Chiefly letters to Moses Austin Cartland, Joseph Cartland, and Gertrude Whittier Cartland, together with other family correspondence. Includes diaries, 1849-1866, of Gertrude Cartland; essays; photographs; clippings; and printed ephemera. Includes letters from John Greenleaf Whittier and articles and clippings relating to Whittier.

Biographical / Historical

The Cartlands of Lee, N.H., were Quakers, and cousins of the poet John Greenleaf Whittier. Moses Austin Cartland (1805-1863) was a schoolmaster and journalist. His brother Joseph Cartland (1810-1898) was also an educator.
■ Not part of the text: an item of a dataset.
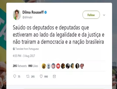 A ex-presidente Dilma Rousseff lamentou no Twitter, a rejeição da denúncia contra o presidente Michel Temer. Dilma também aproveitou a rede social para dizer que o governo sofre influência do deputado cassado Eduardo Cunha (PMDB-RJ). Ao analisarem a denúncia da Procuradoria Geral da República contra Temer, pelo crime de corrupção passiva, os deputados rejeitaram o prosseguimento do processo para o Supremo Tribunal Federal por 263 votos a 227. “Saúdo os deputados e deputadas que estiveram ao lado da legalidade e da justiça e não traíram a democracia e a nação brasileira. […] Resta-nos continuar lutando contra a pauta regressiva dos golpistas que serão julgados pela história e condenados pelo voto popular”, publicou a ex-presidente no Twitter. Dilma sofreu o impeachment no ano passado. O processo foi aberto em dezembro de 2015 por Eduardo Cunha, então presidente da Câmara. Na Casa, em abril de 2016, 367 deputados votaram a favor do prosseguimento do processo contra ela para o Senado. A ex-presidente citou, ainda, o senador Renan Calheiros (PMDB-AL), que faz oposição a Temer, para afirmar que o governo do peemedebista é influenciado por Cunha. Renan também tem dito isso. “Razão tem o senador Renan [Calheiros] em dizer que Eduardo Cunha governa desde a prisão de Curitiba”, afirmou Dilma. (Globo)
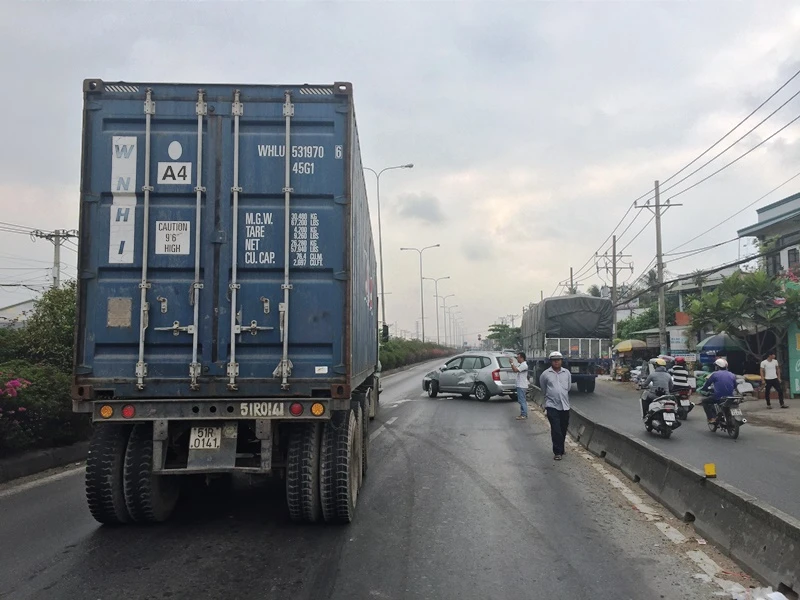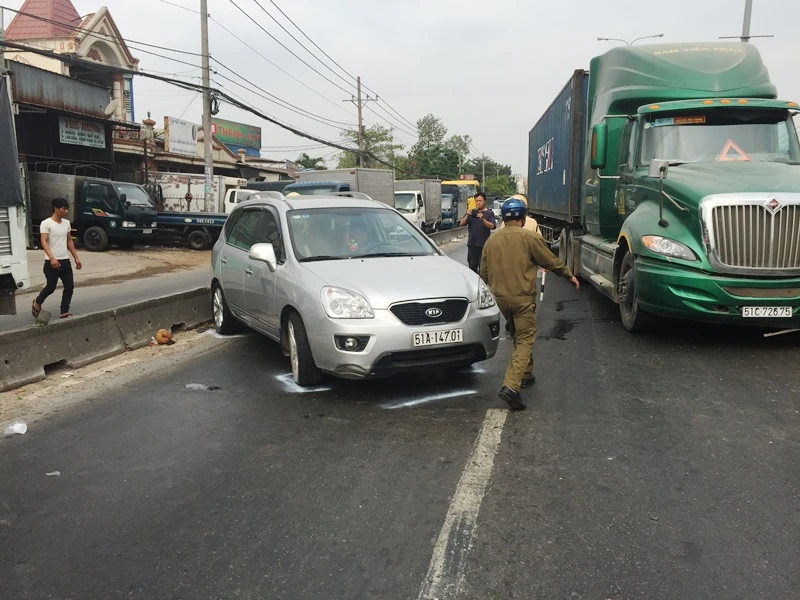 Sáng 11-4, xe container biển số TP.HCM lưu thông trên quốc lộ 1A theo hướng từ ngã tư An Sương về ngã tư Thủ Đức. Khi cách giao lộ Vườn Lài khoảng 200 m thì va chạm với ô tô bảy chỗ biển số TP.HCM do một người đàn ông khoảng 35 tuổi đang chở vợ trên đường về quê.

With his wife Gertrude Whittier Cartland (1822-1911), Joseph was principal of Moses Brown School in Providence, R.I. (1855-1860).

Arrangement

Organized into the following series:

  1. I. Letters to Moses Austin Cartland
  2. II. Letters to Joseph Cartland
  3. III. Letters to Gertrude E. Whittier Cartland
  4. IV. Other letters relating to the Cartland family
  5. V. Manuscripts and printed material

Please note that item number 541 was inadvertently omitted from this finding aid.
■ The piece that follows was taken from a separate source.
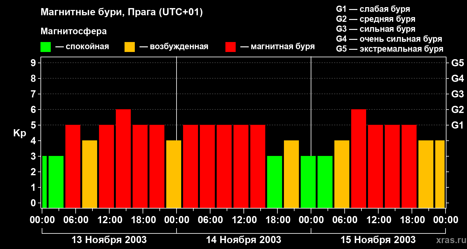 Изменения геомагнитного индекса Kp с 13 по 15 ноября 2003 года для средних широт
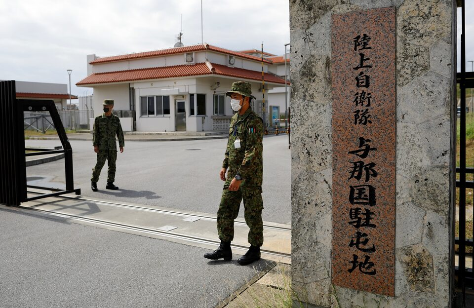 Soldiers of the Japan Ground Self-Defense Force stand at the entrance gate of their base on Japan's westernmost inhabited island of Yonaguni, Okinawa Prefecture, on 26 October 2021. Source: Reuters

Immediate Source of Acquisition

Gift of Martha Hale Shackford; received: 1942.

2019M-113. Purchased with funds from the Thomas W. Streeter fund, 2019.

Title
Cartland family. Cartland family papers, 1823-1913 (MS Am 1752): Guide.
Author
Houghton Library, Harvard College Library
Language of description
und
EAD ID
hou00353

Repository Details

Part of the Houghton Library Repository

Houghton Library is Harvard College's principal repository for rare books and manuscripts, archives, and more. Houghton Library's collections represent the scope of human experience from ancient Egypt to twenty-first century Cambridge. With strengths primarily in North American and European history, literature, and culture, collections range in media from printed books and handwritten manuscripts to maps, drawings and paintings, prints, posters, photographs, film and audio recordings, and digital media, as well as costumes, theater props, and a wide range of other objects. Houghton Library has historically focused on collecting the written record of European and Eurocentric North American culture, yet it holds a large and diverse number of primary sources valuable for research on the languages, culture and history of indigenous peoples of the Americas, Africa, Asia and Oceania.

Houghton Library’s Reading Room is free and open to all who wish to use the library’s collections.